Song by George Givot
- Released: 1955
- Genre: Italian-style pop
- Label: Walt Disney
- Composer: Sonny Burke
- Lyricist: Peggy Lee

= Bella Notte =

US 1955 song

"Bella Notte" (Italian for "Beautiful Night") is a romantic song for the 1955 animated motion picture Lady and the Tramp from Walt Disney Productions. The music was composed by Sonny Burke and the lyrics were written by Peggy Lee. The song was performed in the film by George Givot, who also provided the voice of Tony. It is sung onscreen during the falling in love over a shared plate of spaghetti sequence.
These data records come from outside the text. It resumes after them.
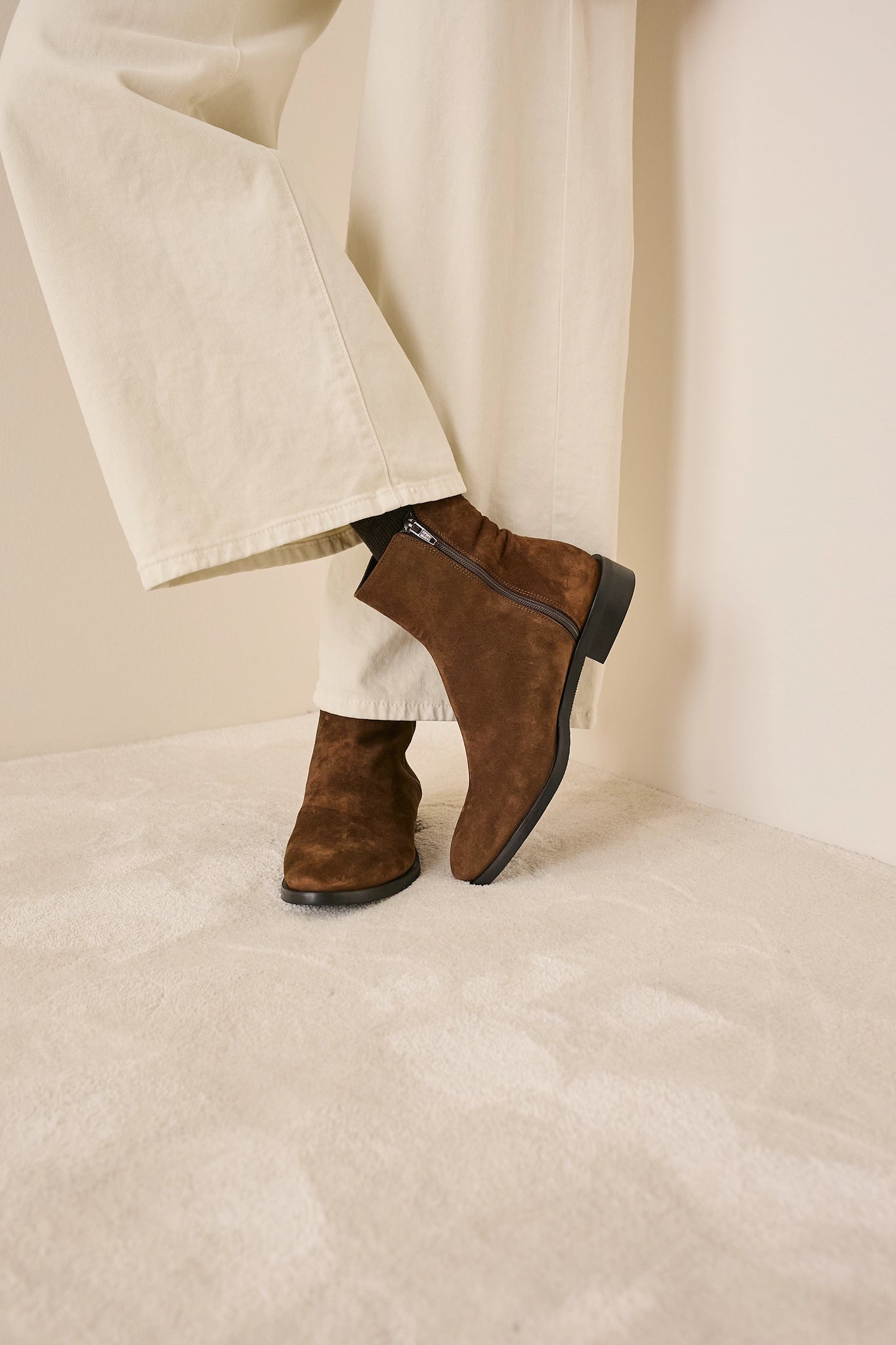 Gli stivaletti sportivi alla caviglia sono un modello che non smetterai mai di indossare perché sono perfetti sia per l’ufficio che per il tempo libero. I nostri sono caratterizzati dal dettaglio estetico e funzionale della doppia zip, che garantisce una calzata facile e veloce. Disponibili in pelle scamosciata marrone.
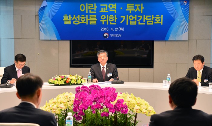 (서울=포커스뉴스) 최상목 기획재정부 차관이 21일 서울시 중구 우리은행 본사에 위치한 이란교역투자지원센터를 현장을 방문해, 간담회를 갖고 모두발언을 하고 있다. <사진제공=기획재정부>
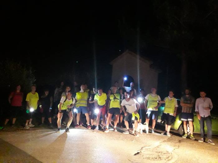 tanti camminatori e anche dei fulgidissimi bimbi hanno scelto la camminata notturna per raggiungere la torre.

Peggy Lee recorded the song for herself for a 1955 Decca release with a choir and orchestra led by Victor Young. The song has also been recorded for a Disneyland album, sung by Bob Grabeau.

Ronnie Hilton recorded the song, and Siw Malmkvist recorded the song in Swedish, releasing it on a record in February 1956. The song has also been recorded by Vikingarna on the 1979 album Vikingarnas julparty and Christer Sjögren himself on the 1994 Christmas album När ljusen ska tändas därhemma.

Mark Salling, Kevin McHale, and Chord Overstreet recorded the song, and performed it on twenty-second episode and season two finale of Glee on May 24, 2011.